> [WHAT YOU SHOULD DO]: Nothing outside the lines below from the one containing "圖3油酸對人工海水產(chǎn)生的海洋飛沫氣溶膠(SSA)粒徑分布的影響" through the one containing "Mooie veterschoen van" is to be printed; print those exactly, ends included, and drop the pictures.

═══ STUDY MATERIAL ═══

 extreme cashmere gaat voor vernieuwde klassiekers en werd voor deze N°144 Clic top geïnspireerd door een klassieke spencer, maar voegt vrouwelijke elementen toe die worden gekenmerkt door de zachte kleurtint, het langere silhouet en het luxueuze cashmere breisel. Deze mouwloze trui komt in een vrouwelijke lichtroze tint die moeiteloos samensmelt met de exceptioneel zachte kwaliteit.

═══
═══ STUDY MATERIAL ═══

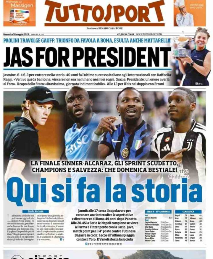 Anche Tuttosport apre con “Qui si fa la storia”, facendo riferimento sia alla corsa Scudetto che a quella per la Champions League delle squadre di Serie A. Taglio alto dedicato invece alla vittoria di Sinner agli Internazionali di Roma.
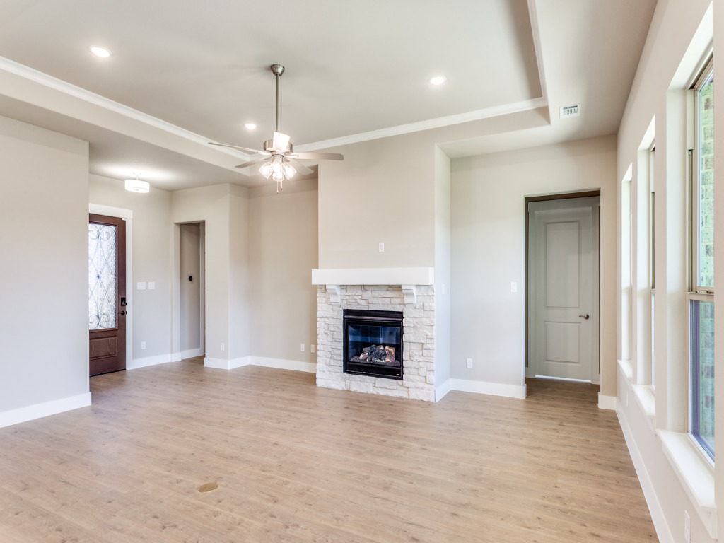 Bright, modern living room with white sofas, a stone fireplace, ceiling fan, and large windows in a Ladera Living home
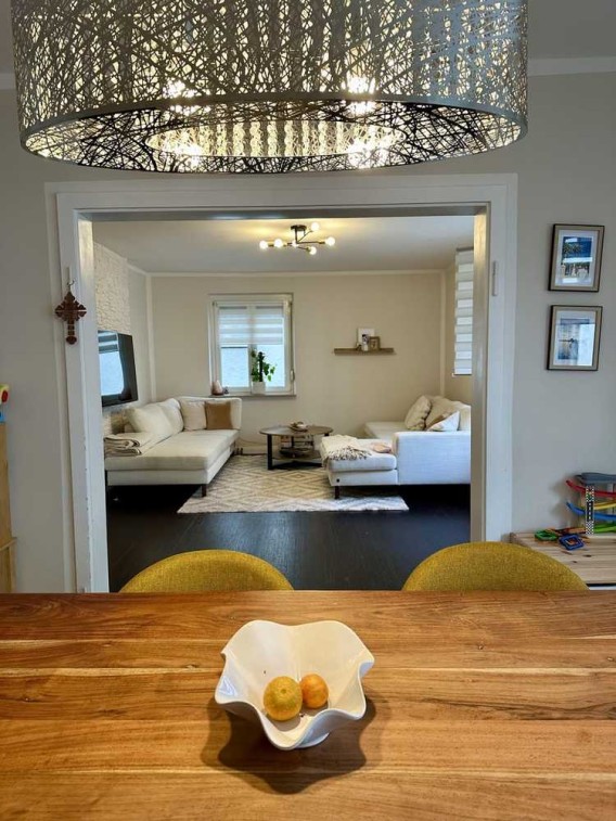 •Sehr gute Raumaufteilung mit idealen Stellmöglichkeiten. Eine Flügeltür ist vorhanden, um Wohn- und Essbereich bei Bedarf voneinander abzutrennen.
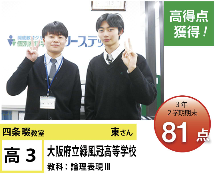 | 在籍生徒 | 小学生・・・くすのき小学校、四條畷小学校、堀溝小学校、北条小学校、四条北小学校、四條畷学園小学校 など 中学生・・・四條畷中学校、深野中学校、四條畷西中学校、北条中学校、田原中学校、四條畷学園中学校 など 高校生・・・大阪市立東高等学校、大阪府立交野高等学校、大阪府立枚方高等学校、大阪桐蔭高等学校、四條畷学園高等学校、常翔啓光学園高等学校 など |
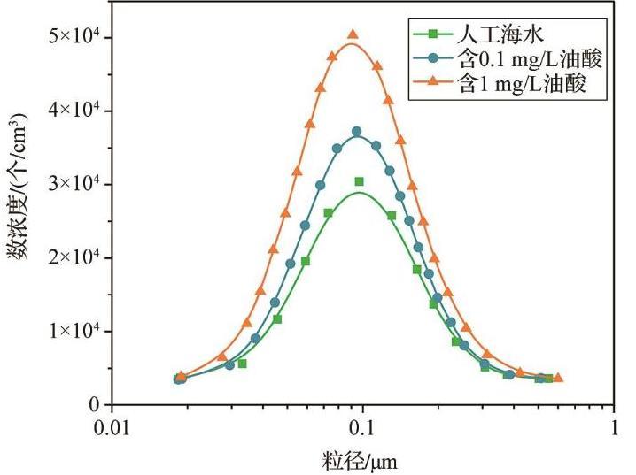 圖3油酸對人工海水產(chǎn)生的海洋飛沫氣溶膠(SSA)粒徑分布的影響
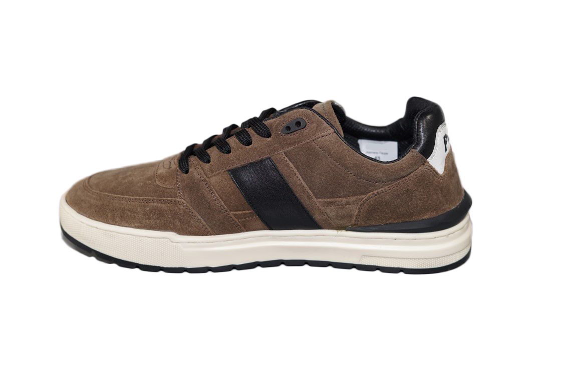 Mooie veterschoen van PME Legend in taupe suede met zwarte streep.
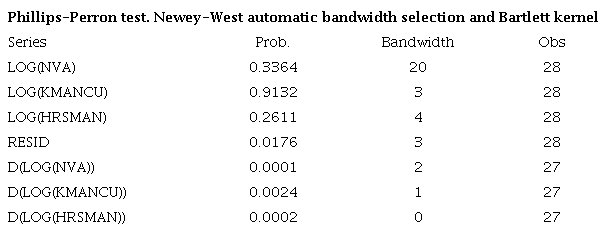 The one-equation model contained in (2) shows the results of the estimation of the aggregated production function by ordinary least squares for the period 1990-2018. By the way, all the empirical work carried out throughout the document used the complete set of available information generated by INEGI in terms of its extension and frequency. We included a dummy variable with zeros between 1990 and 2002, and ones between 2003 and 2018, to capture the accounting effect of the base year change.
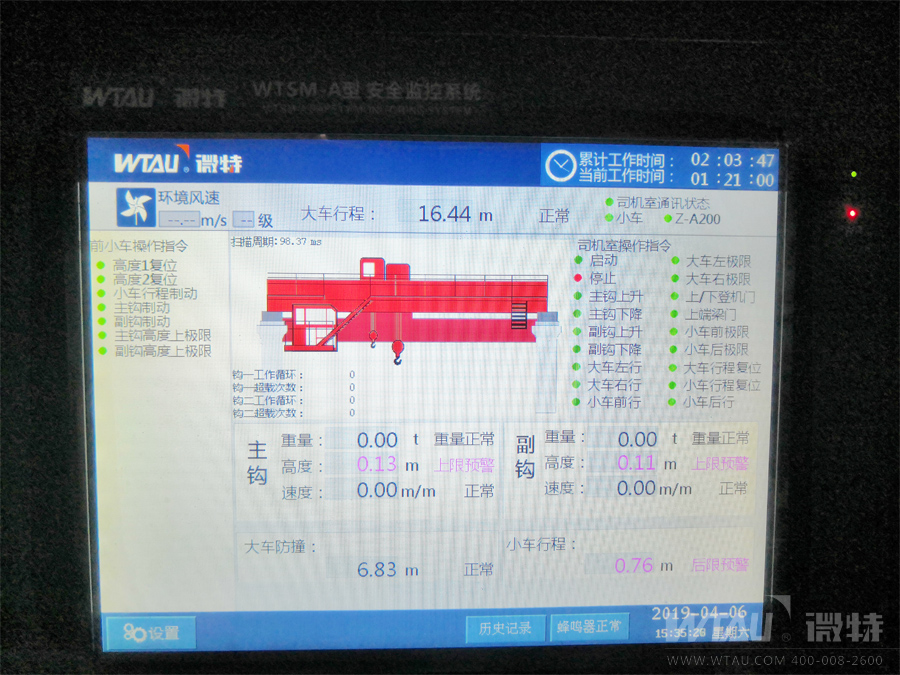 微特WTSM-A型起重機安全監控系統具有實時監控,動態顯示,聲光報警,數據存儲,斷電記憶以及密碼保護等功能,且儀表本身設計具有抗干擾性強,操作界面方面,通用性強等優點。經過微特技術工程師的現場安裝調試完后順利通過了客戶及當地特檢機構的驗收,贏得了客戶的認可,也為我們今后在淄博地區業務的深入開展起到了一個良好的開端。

═══

> [YOUR SOLUTION]:
 圖3油酸對人工海水產(chǎn)生的海洋飛沫氣溶膠(SSA)粒徑分布的影響
 Mooie veterschoen van PME Legend in taupe suede met zwarte streep.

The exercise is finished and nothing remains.